In those days, John was such a workaholic that on the rare occasions we did go somewhere for a vacation, his first order of business was to get sick – what I refer to here as the Maui Syndrome. On this particular trip, there was an alternate explanation. On his thirtieth birthday – which occurred a few days prior – John resolved to quit smoking. He did so successfully, cold turkey, with the aid of copious quantities of alcohol. (Giving that up would come three and a half years later.)
I’m embarrassed to confess I continued to smoke for a few more years, which surely must have been torture for John – especially when enclosed in a car. Mea culpa. I should’ve signed up for Smokenders sooner. In 1982, you could still smoke without being a complete pariah but that would change shortly
This was one of our final young-and-free vacations. The friends we travelled with were all unattached as was Mitch. Malcolm and Maya were married but no children yet. J and I left our five-year-old in San Diego with his grandparents (which he loved).
The summer after this I’d give birth to our daughter and the summer after that we’d have our second son.
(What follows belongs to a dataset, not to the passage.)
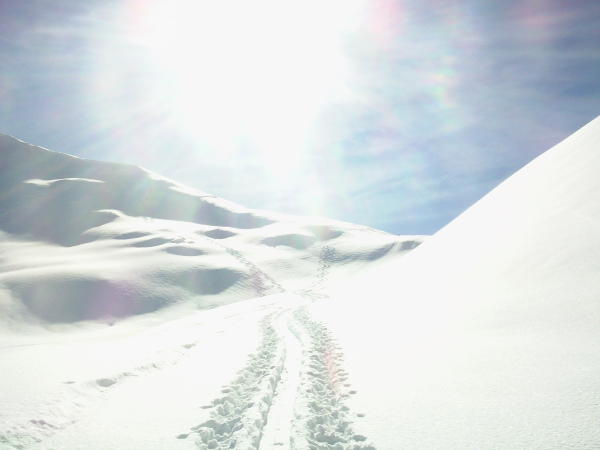 Top. Es hat so ab 1700 MüM zünftig Neuschnee, sicher 20-30 cm, in den Mulden mehr. Sehr gute Spur. Abfahrt: Prima. Man kann auf Höhe Alphaus statt dem Weg nach auch rechts den steileren Hang am Wald entlang runter. Das ist bedeutend amüsanter. Weiter unten dann auf dem Weg bleiben, denn der unterste Hang ob Grimmialp hat nicht genug Schnee für die Abfahrt (oder noch nicht genug...).

Our single friends, almost en masse, would marry and have children of their own. A new cycle of family-oriented (read child-oriented) vacations would commence. I don’t mean to sound critical – those family vacations hold some of the sweetest memories of my life.
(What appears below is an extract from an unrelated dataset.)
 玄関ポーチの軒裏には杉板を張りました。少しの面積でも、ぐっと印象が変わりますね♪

It would be years – eighteen or twenty, really, around the time the kids are all off to college – before we’d vacation with adult friends but now it’s got an entirely different quality than those young-and-free days in 1982. We don’t run up and down mountains anymore (truth be told, I never did) and concessions must be made to health. Bathroom stop are more frequent (almost like traveling with a toddler!) and we no longer talk, smoke and drink until 4 AM about our lives because we all tire more easily. What will the next phase be like? All of these eras have their moments. In my life, I’ve loved them all.